LinkedIn hooks that stop the scroll
A LinkedIn hook is the first one or two lines of a post, the only part shown before the 'see more' cut, and it stops the scroll when it promises a specific payoff and opens a curiosity gap a reader needs closed.
Because LinkedIn truncates every post after roughly the first line or two, the hook is the entire pitch for the rest of the post; if it does not earn the expand, nothing else you wrote gets read.
A hook is the input to reach; the output is measured by your engagement rate benchmark. The same three jobs power a YouTube hook formula.

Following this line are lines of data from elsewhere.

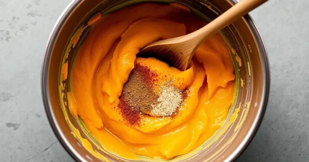 - В миске смешайте тыквенное пюре, обжаренный лук с чесноком, овсяные хлопья (или манку), яйцо, тертый сыр (если используете), мускатный орех, соль и перец. Хорошо перемешайте.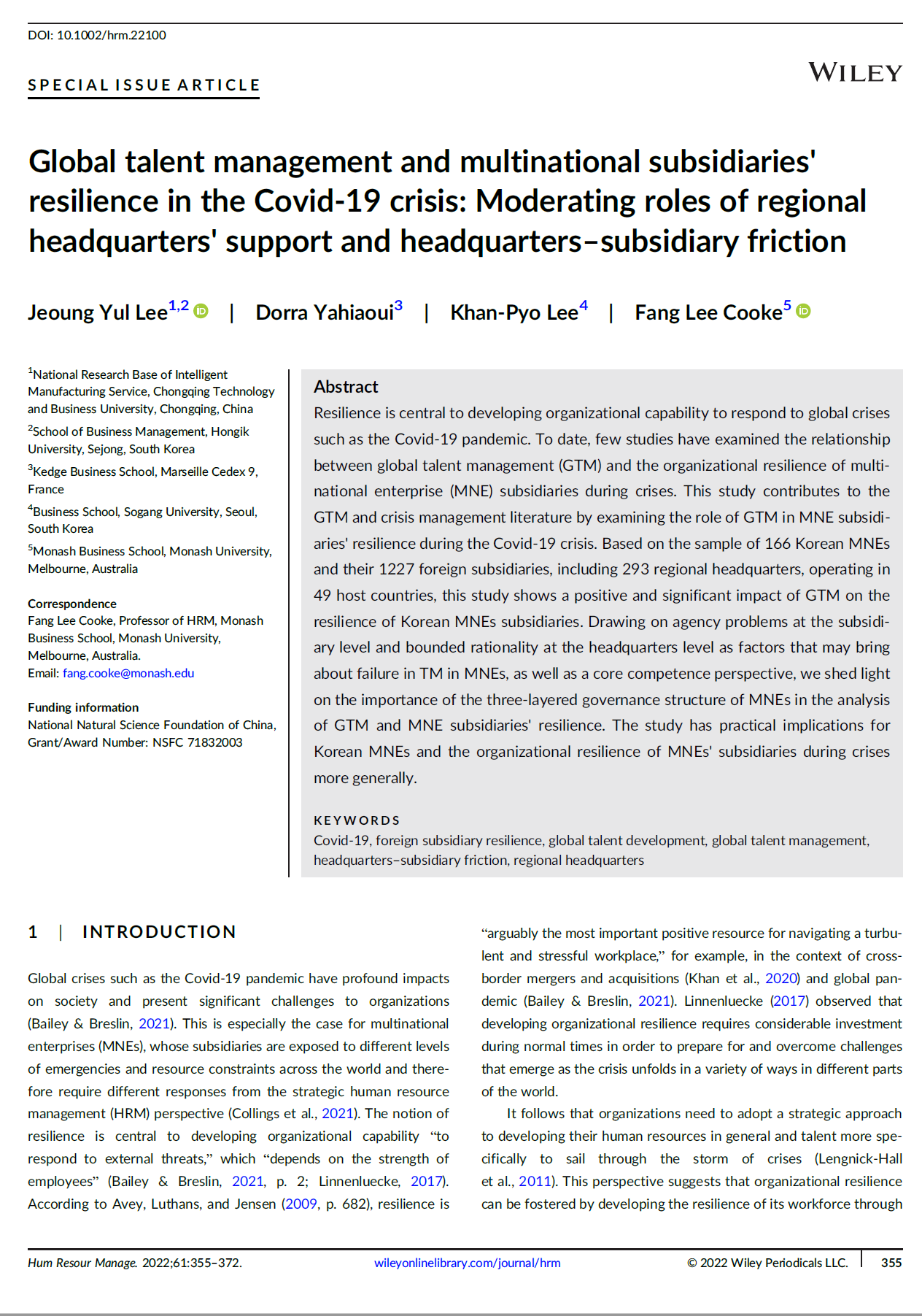 2022年2月14日,2138cn太阳集团古天乐Jeoung Yul Lee教授,以第一作者身份、太阳集团2138为第一单位,在国际顶级FT50期刊《Human Resource Management》发表题为《Global talent management and multinational subsidiaries’ resilience in the Covid-19 crisis: Moderating roles of regional headquarters’ support and headquarters subsidiary friction》的研究论文。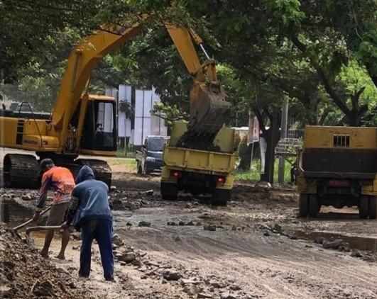 Tampak alat berat dan pekerja memulai perbaikan jalan yang selama ini mendapat keluhan pengguna.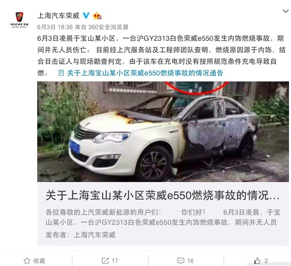 (图为上汽荣威通告内容:电池包未发生爆炸)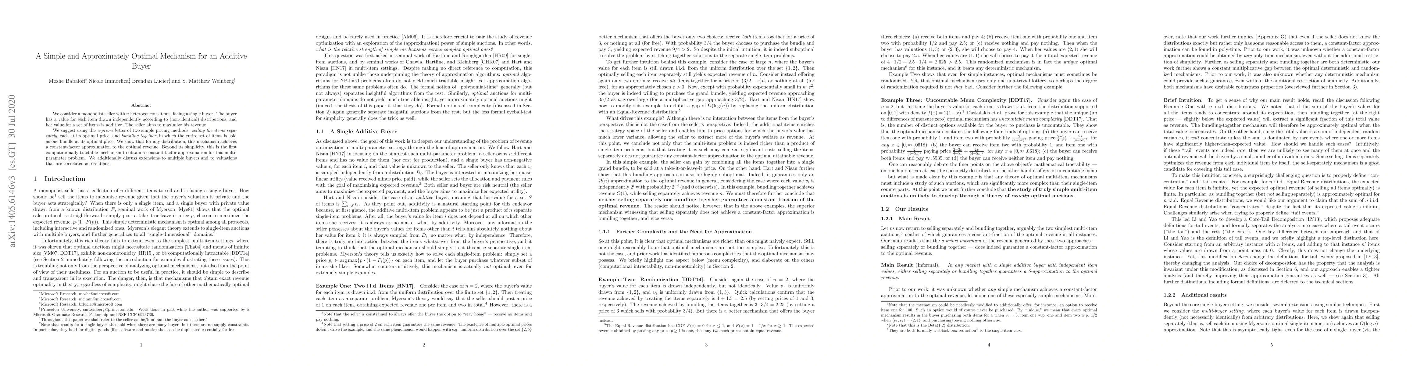This paper proposes a simple mechanism for a monopolist seller with multiple items to maximize revenue from an additive value buyer. The mechanism, a-priori better of separate and bundle pricing, achieves a constant-factor approximation of optimal revenue for any distribution, and is computationally efficient. The authors also discuss extensions to multiple buyers and correlated item valuations.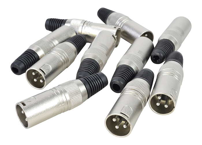 A pack of 10 3 pin male XLR connectors suitable for making audio and lighting connections.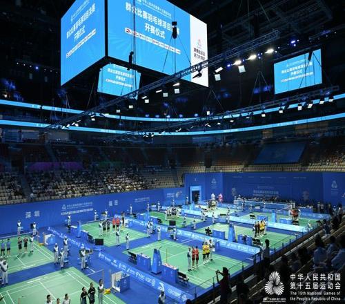 10月20日,十五运会群众比赛羽毛球项目决赛在深圳市体育中心体育馆开赛。来自26支代表队的515名运动员本周将在深圳展开角逐,总计将产生10枚金牌。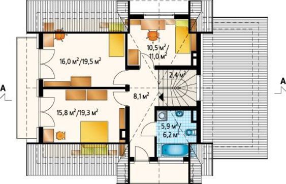 К особенностям планировки относится соединение кухни со столовой в одно помещение. Такой прием упрощает хозяйский труд. Для отдыха и личных дел имеются четыре индивидуальных горницы. Размещение их на разных этажах и отличающиеся габариты светелок позволяют каждому члену семьи найти самый лучший для себя вариант. Особенность комнат верхнего уровня в наличие балконов. Их компактные и вместительные габариты рассчитаны на размещение небольшой по размерам мебели и комфортное проведение времени.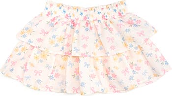 Ready for fun, this adorable tiered skort features a comfy smocked waist and a cheerful springtime print of delicate flowers and sweet pastel bows, perfect for play and twirling.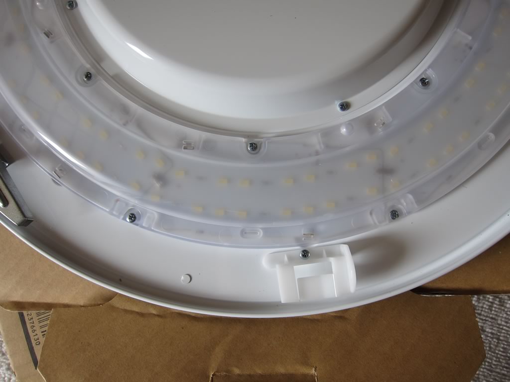 開封中のLEC照明器。宅配ピザのような段ボールに入っていますな。光源のつぶつぶも見てとれます。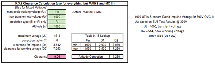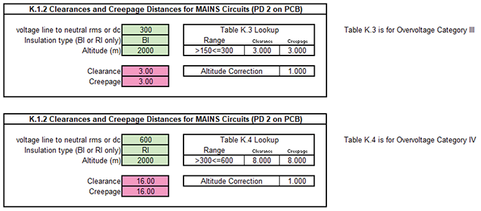 Below are example outputs of a spacings calculator created based on UL/IEC 61010-1 and IEC/UL 61010-2-030.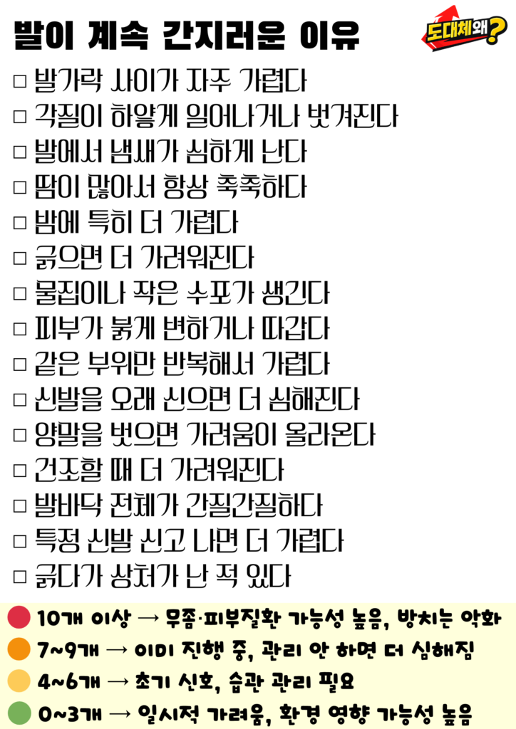 발이 계속 간지러우면 단순히 “건조해서 그런가” 하고 넘기기 쉽습니다.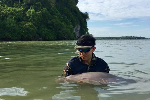 Worried about her chances of survival alone in the Andaman Sea, officials and veterinarians decided to tend her themselves. Mariam is the first phayoon in Thailand to be taken care of by humans.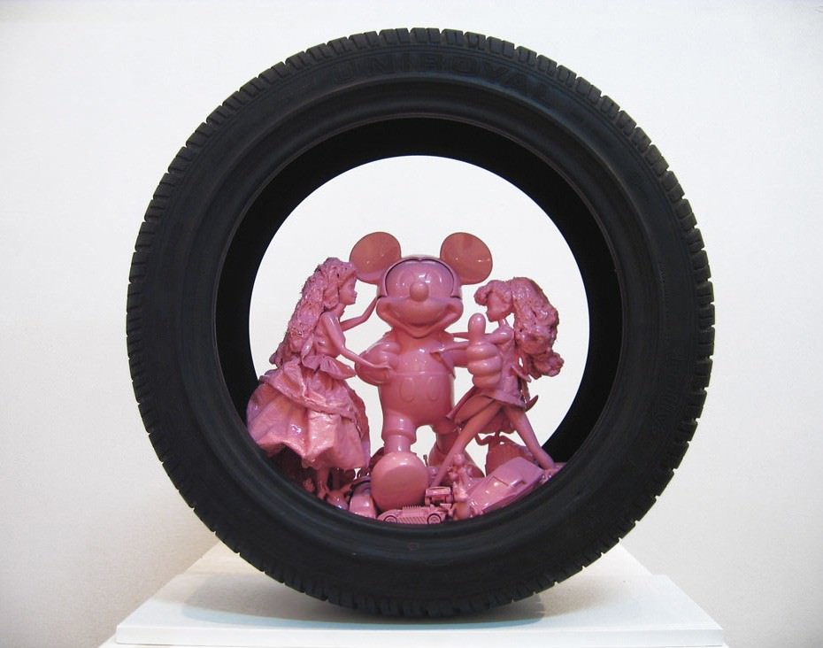 Con una “mise en scene” quasi teatrale, l’artista scolpisce secondo uno schema narrativo che dal titolo dell’opera, alla sua realizzazione, pone grande enfasi nei dettagli, ai quali spesso è delegato il compito di mostrare una visione del mondo velata di sarcasmo, che per spiegarsi usa vecchi segni a tutti noi riconoscibili, come il Mikey Mouse utilizzato nell’opera “Io vado in bicicletta”, fiero, spedito, a braccetto di due Barbies ci saluta con il pollice alzato da dentro uno pneumatico di grandi dimensioni su cui l’artista miniaturizzato pedala in salita.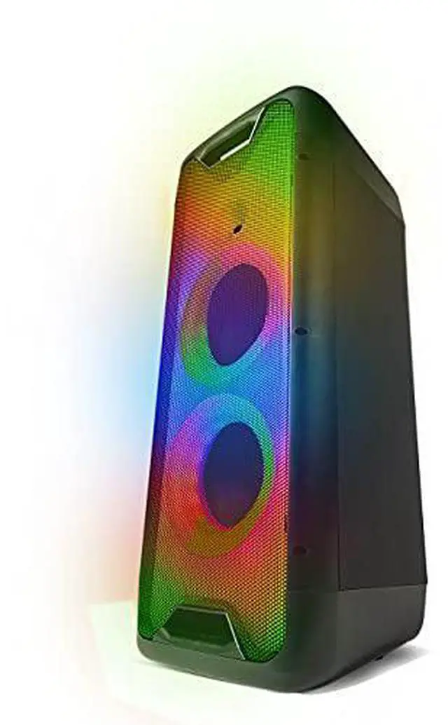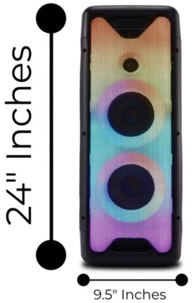 The LED light shines throughout the whole front of the speakers almost as a screen for even more fun and party experience. Many Ways To Play This is not just a wireless Bluetooth speaker. Plug in you USB or SD card reader and let the music flow on its own with your per-mixed beats. Want something live? Switch on the FM Radio and tune into your favorite station. Compact and Ready to Move Each unit measures in at 9.45 inches L x 9.45 inches W x 24.02 inches H. that makes this portable LED lit speaker easy to move and carry, while not taking up too much room, but it still packs an 800-Watt Peak Power.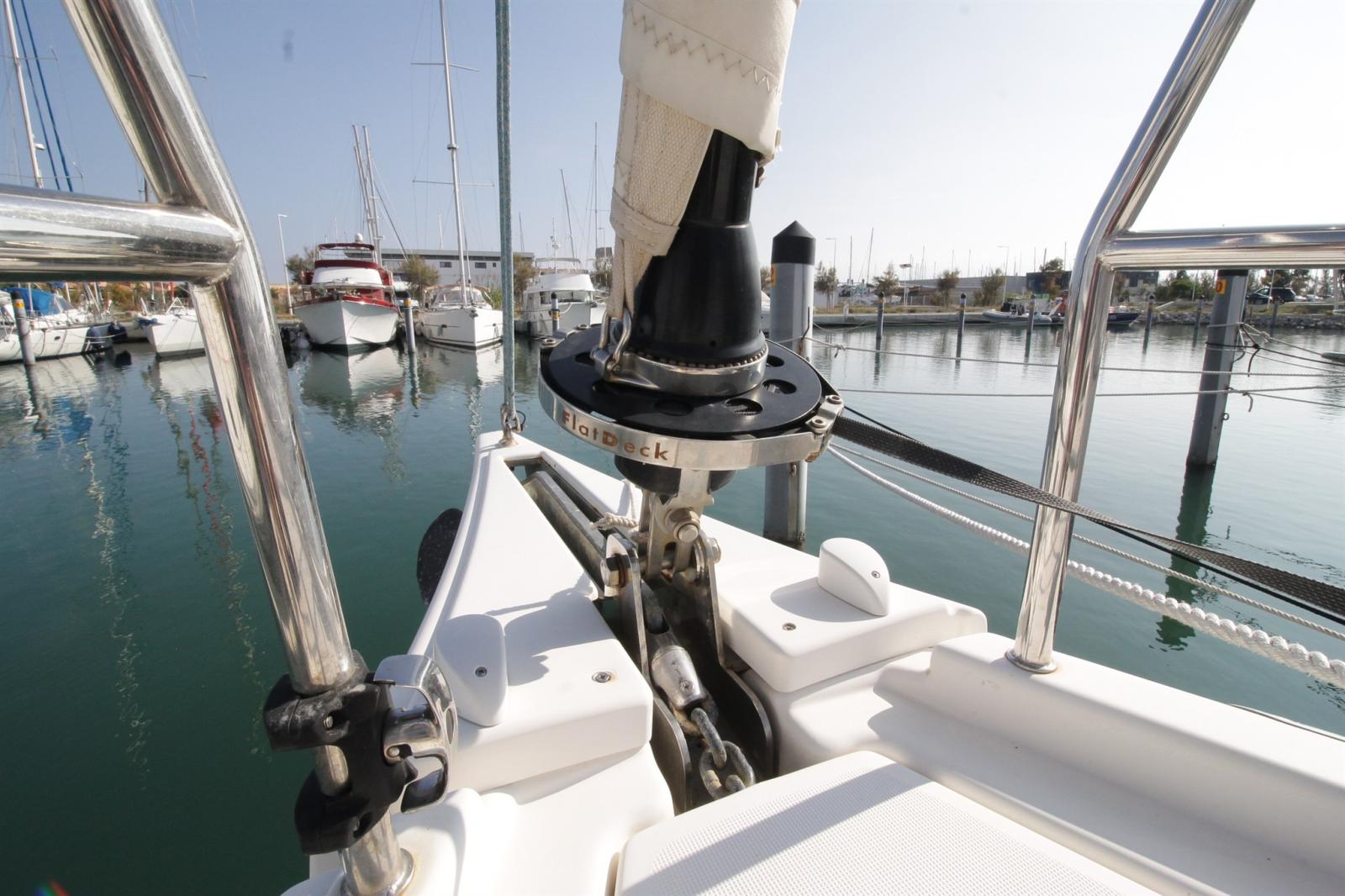 Attrezzatura Gennaker, Attrezzatura Spi, Avvolgi Fiocco (à sangle FLAT-DECK), Carrelli a sfera randa (rail Ebb Tide), Lazy Bag, Lazy Jack, 2 Sail Bag (sur pont pour voiles d'avant), Vang, Vang rigido.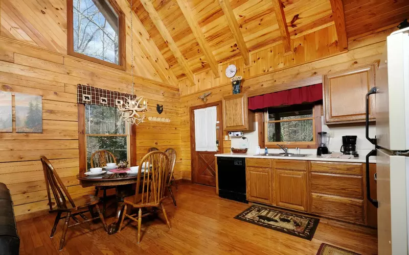 Hiding Place is packed with more amenities, including a washer/dryer, TVs in the bedrooms, an indoor jetted tub, a charcoal grill for cookouts, board games for rainy days, and a fully equipped kitchen where you can create great in-cabin meals.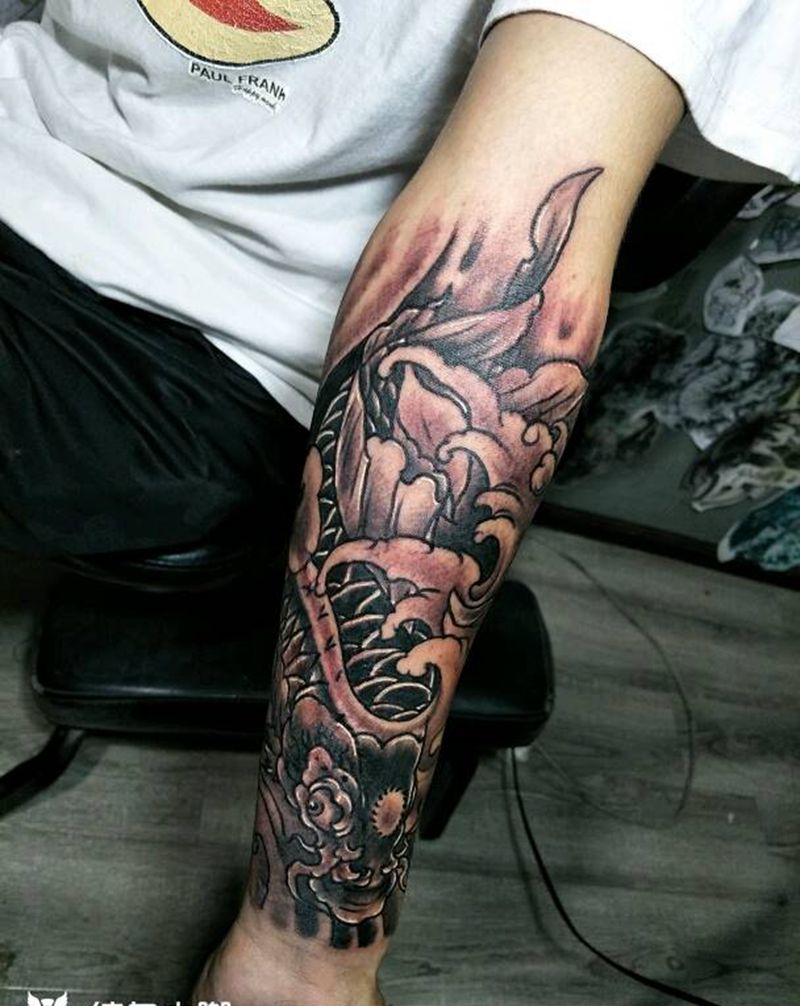 • T网红王老大花腿龙纹身图片_腿部新传统纹身图案

Published July 3, 2026 · Updated July 3, 2026
How to write a hook that earns the expand
- Front-load the payoff. Put the most specific, most surprising promise in the very first line, before any setup or context.
- Open a curiosity gap. Imply a question, tension, or unexpected claim the reader can only resolve by expanding the post.
- Cut the runway. Delete introductions, disclaimers, and 'I've been thinking about' openers; the reader gave you one line, not a paragraph.
- Make it specific. Swap vague nouns for concrete numbers, names, or outcomes so the hook feels credible rather than generic.
- Test it truncated. Preview the post, read only what shows before 'see more', and confirm that fragment alone would make you tap to read the rest.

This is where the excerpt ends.